How to show that $\frac14$ is in the standard Cantor set?

Question

I have studied the method that shows $\dfrac14$ belongs to the standard Cantor set, proving that it has only $0$ and $2$ as digits in its ternary expansion.

But how can I do this in some other way?

Answer 1

We use mathematical induction to show that $\frac{1}{4}$ and $\frac{3}{4}$ are in $C_n$ for every $n\in \mathbb{N}\cup \{0\}$.

Clearly, $\frac{1}{4}$ and $\frac{3}{4}$ are in $[0,1]=C_0$.

Suppose $\frac{1}{4}$ and $\frac{3}{4}$ are in $C_n$. We observe the structure of $[0,\frac{1}{3}]$ after $n+1$ cuts is similar to $[0,1]$ after $n$ cuts. Hence if $x \in C_n$, then $\frac{x}{3} \in C_{n+1}$. Since by assumption, $\frac{3}{4} \in C_n$, we have $\frac{1}{4} \in C_{n+1}$. Moreover, since the cut is symmetrical on $[0,1]$, we know that $\frac{3}{4} \in C_{n+1}$.

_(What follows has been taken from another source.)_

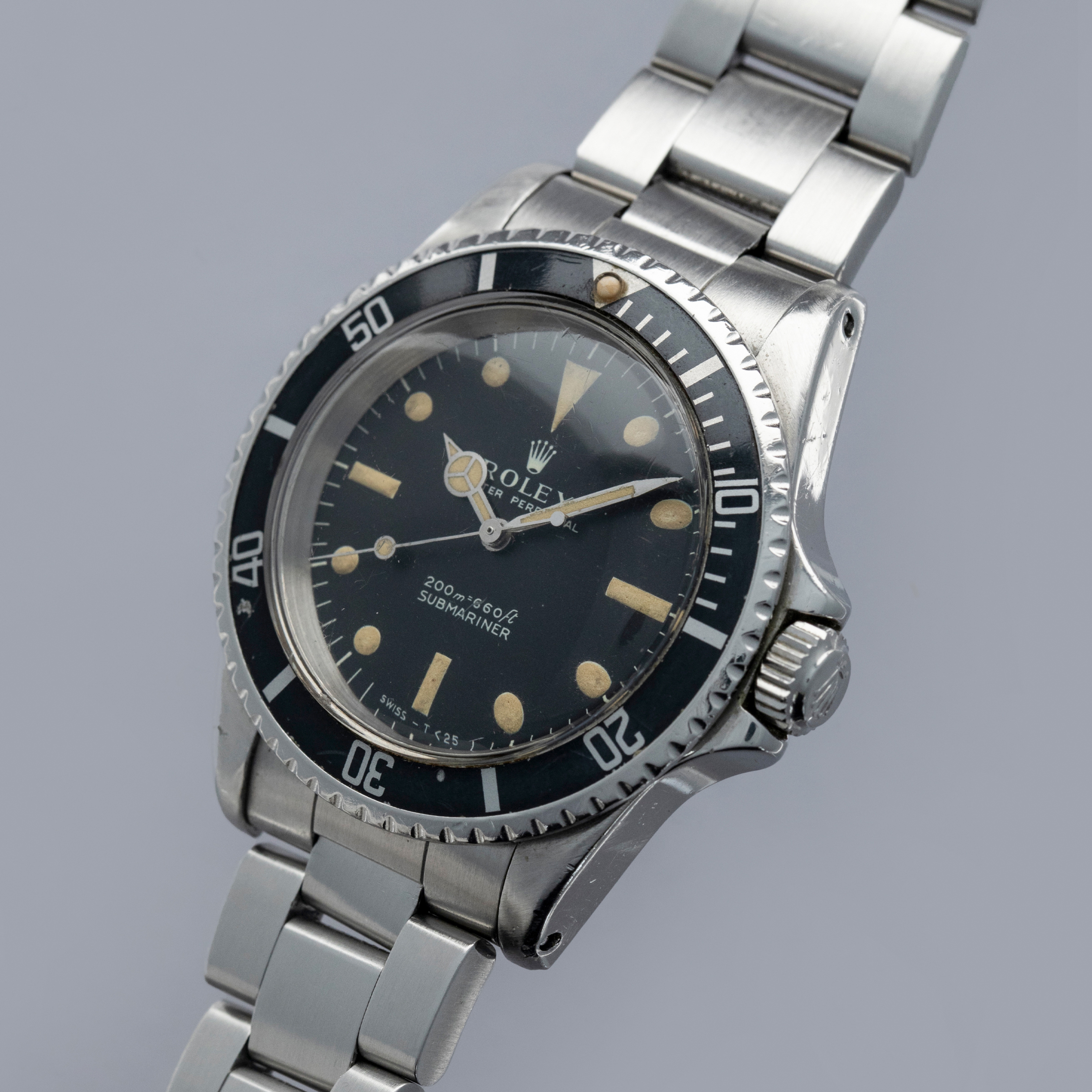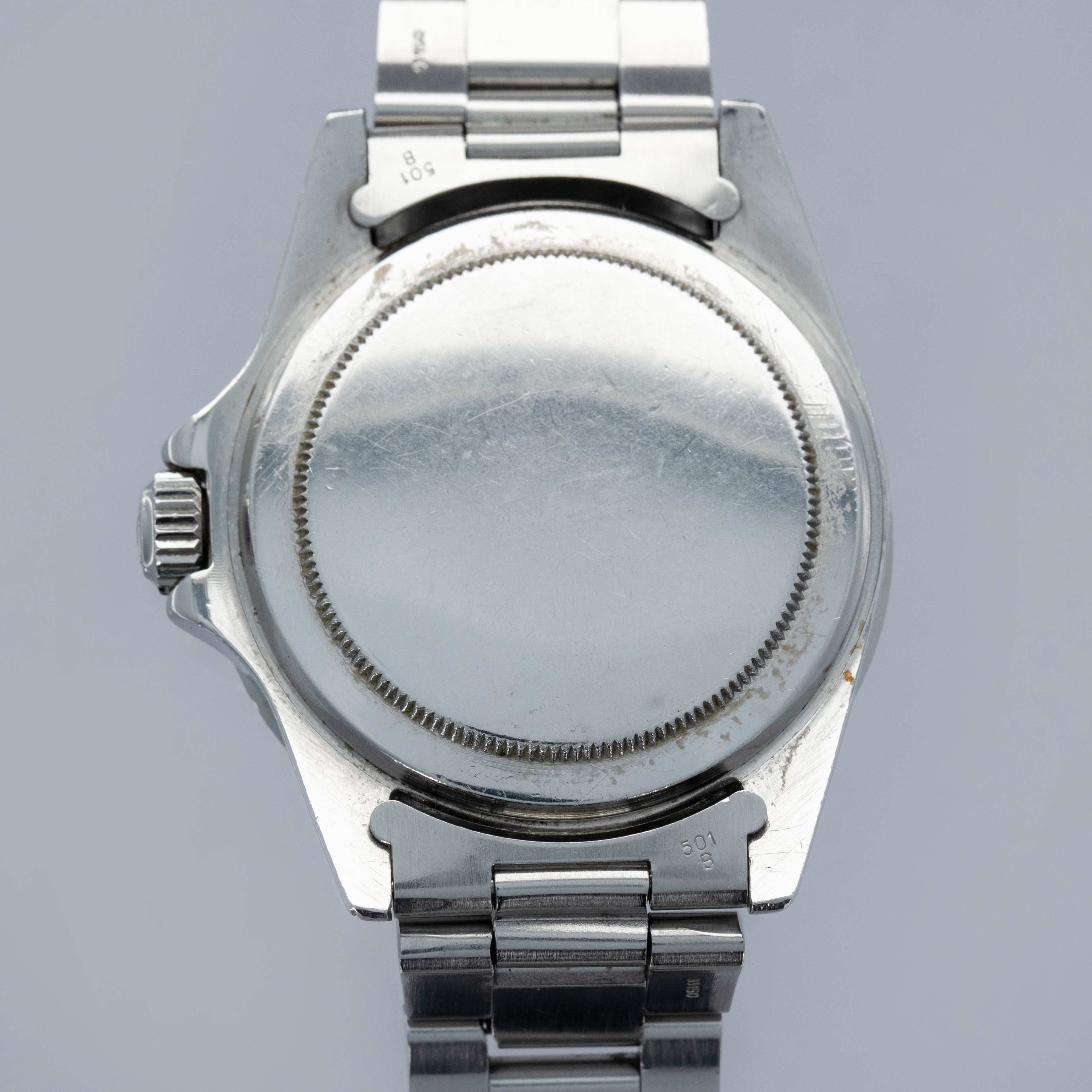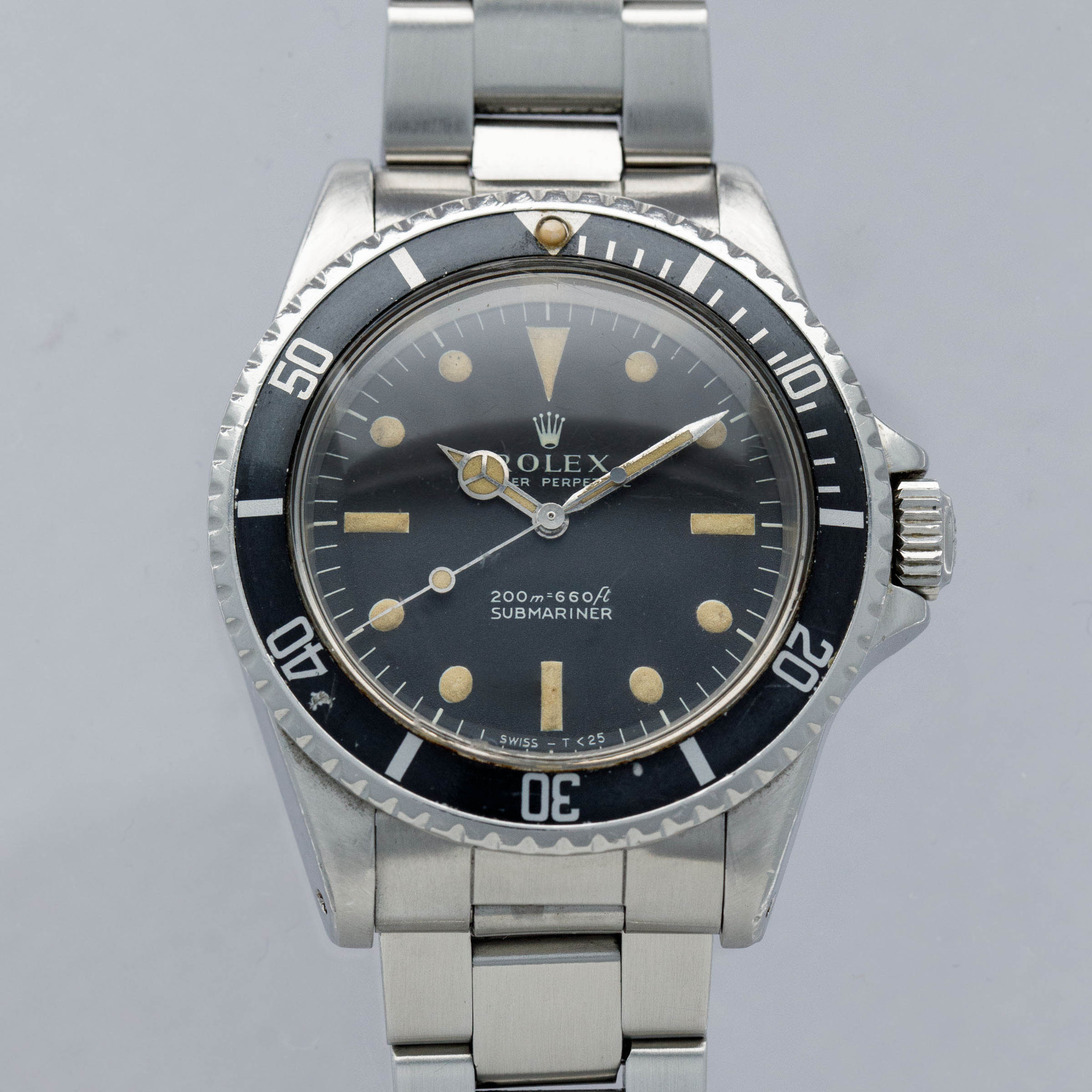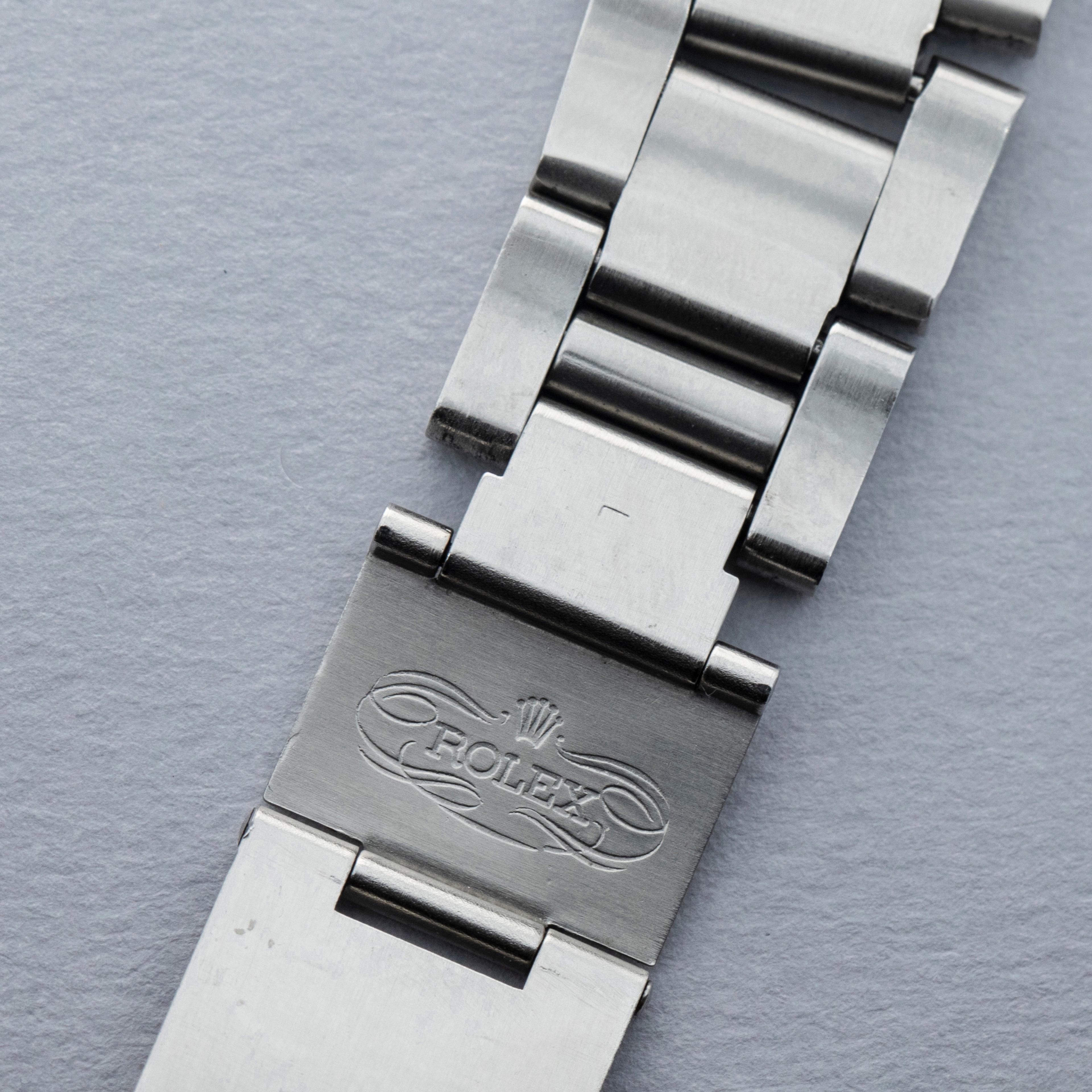 Watch is in very good overall condition, with a case that shows signs of previous polishing and some marks on the case and case back. lugs are soft and have lost some definition. The bezel remains well-defined, with a couple of visible marks on the insert. Dial in excellent condition, with signs of aging on the luminous plots. The hands are a good match to the hour markers in tone. The later solid link Oyster bracelet has moderate stretch and some notching. It is currently fitted for a 6.5" wrist, but there are 2 additional links that are included with the watch.

By induction, $\frac{1}{4}$ and $\frac{3}{4}$ are in $C_n$ for every $n\in \mathbb{N}$, hence $\frac{1}{4}$ and $\frac{3}{4}$ are in $C$.

Answer 2

This does not answer the question but since I cannot comment, I am writing this here just in case this view helps someone. Here's an easy way to see what the ternary expansion of the cantor set means (and also the Cantor function):

The cantor set is formed iteratively by dividing each interval of the previous iteration into three parts and keeping only the first and third part. The ternary representation of a point is therefore the address of the point. A $0$ in the $k^{th}$ position means at the $k^{th}$ iteration the point falls in the first (left most) division and a $2$ means it falls in the third(right most) division. And a $1$ means it falls on the boundary of the first part. The moment a $1$ is followed by any other number in the expansion then at that iteration the point has fallen in the middle third interval and is no longer a part of the Cantor set.